Talks broke down last week after teachers voted to begin their strike August 29 and the school district cancelled classes. Two days later, as the Labor Day holiday weekend began, Super Court Judge Netti Vogel ordered both sides to continue negotiating. Neither the union nor negotiators for the school district have revealed exact details of the talks.

If no resolution is forthcoming from this weekend’s negotiations, the court will call a hearing in the early part of the week to consider imposing a back-to-work order on the teachers. Patrick Crowley, a spokesperson for the teachers union, said the union would obey a court order.

Canada

Strikes continue in western Canada

Striking municipal workers in Vancouver, British Columbia rallied last week at City Hall to protest the glacial pace of negotiations in their battle for improved wages, pay equity for women and a freeze on contracting out provisions. Five thousand three hundred members of the Canadian Union of Public Employees, organized in three locals that include garbage collectors, city clerks and daycare and library staff, have been on strike for seven weeks in one of the largest public sector actions to hit the province in several years.

Meanwhile, 8,000 striking forestry workers organized by the United Steelworkers (USW) are also entering their seventh week on strike against Forest Industrial Relations, an association representing 31 companies. The workers are fighting against attacks on shift scheduling, overtime and severance pay.

The Vancouver city workers and coastal woodworkers could soon be joined by 1,500 Vancouver hotel workers employed at the luxurious Hyatt Regency, Westin Bayshore, Four Seasons and Renaissance Hotels who voted last week for job action should their employers fail to address pension, workload and salary issues. And in Victoria, British Columbia’s capital city, library workers have issued a strike notice to take affect September 4.

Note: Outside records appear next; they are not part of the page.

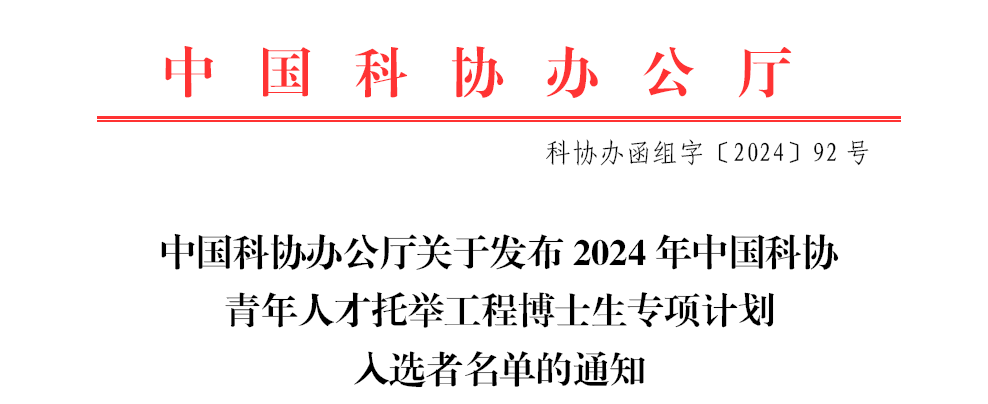 近日,中国科协办公厅公布2024年中国科协青年人才托举工程博士生专项计划入选者名单,我院博士生张一枭(导师:范更华教授)入选该专项计划。
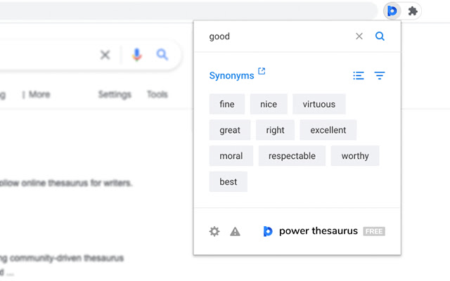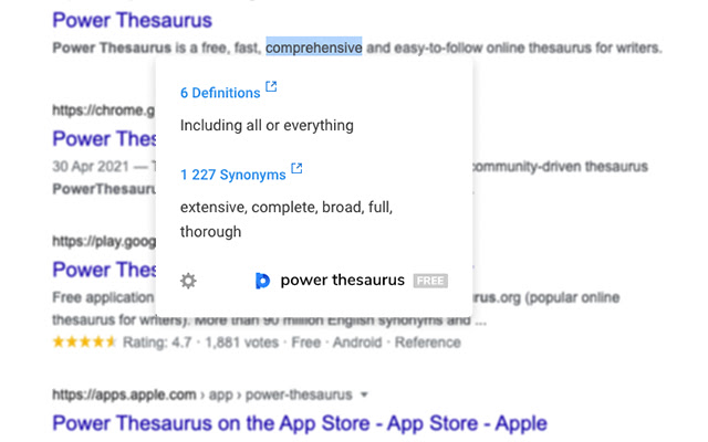获取任何单词的最佳同义词、反义词、定义和其他结果!在 Google Docs、Medium、Facebook、Twitter 等网站上改写您的文本。
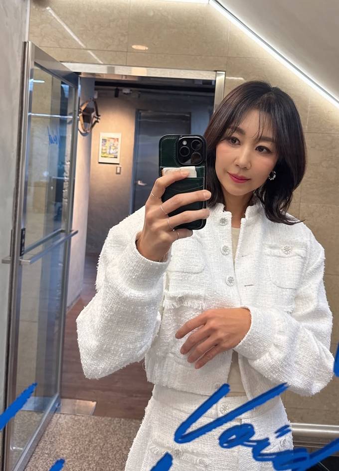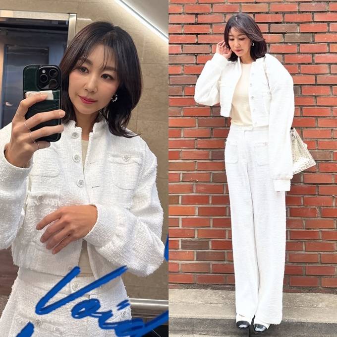 공개한 사진에서 전미라는 화이트 트위드 팬츠와 크롭 재킷에 아이보리 이너를 매치한 슈트룩으로 단아하면서도 시크한 분위기를 드러냈다.
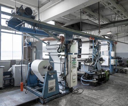 Рулон полипропиленовой ткани после круглоткацкого станка устанавливается на печатную машину стекового типа и рисунок наносится при перемотке рулона
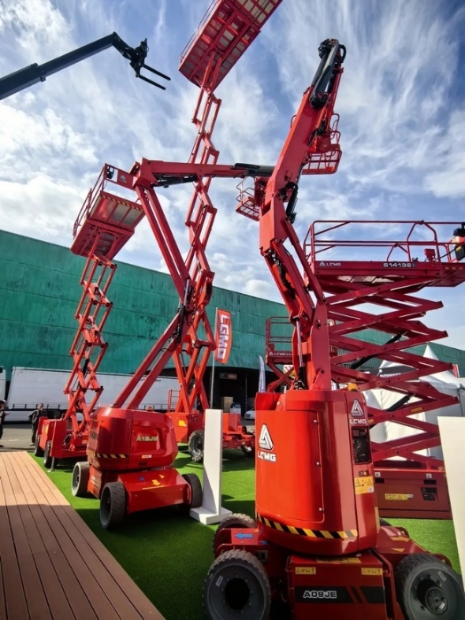 此次P.G(中国电子股份有限公司)重机展出的SR1218D越野剪叉式高空作业平台是由墨西哥工厂生产,专为适应复杂环境而设计,稳定性好、越野性能强劲,加之35%的爬坡能力,使设备能轻松应对苛刻工况;SR1218D最大工作高度为13.9米,配备2.79米*1.6米大平台,并可向外延伸,平台最高载重365千克,最多可容纳3人同时工作,有效提升工作效率;智能化方面,SR1218D标配了称重系统、车载智能诊断系统等智能化系统,能有效保证人员作业安全及作业质量。该产品凭借排放低、使用成本低、连续作业能力强等丰富“内涵”,在展会现场赢得超高人气。

In neighboring Alberta, the construction industry faces imminent strike action by some 30,000 members of various trades that would affect every major construction project in the province.

At the same time, 400 paramedics in Calgary, Alberta are considering a response to a strike ban by the Conservative government that threatens to permanently strip them of the right to strike and significantly shifts labor relations practices in the province even further to the right.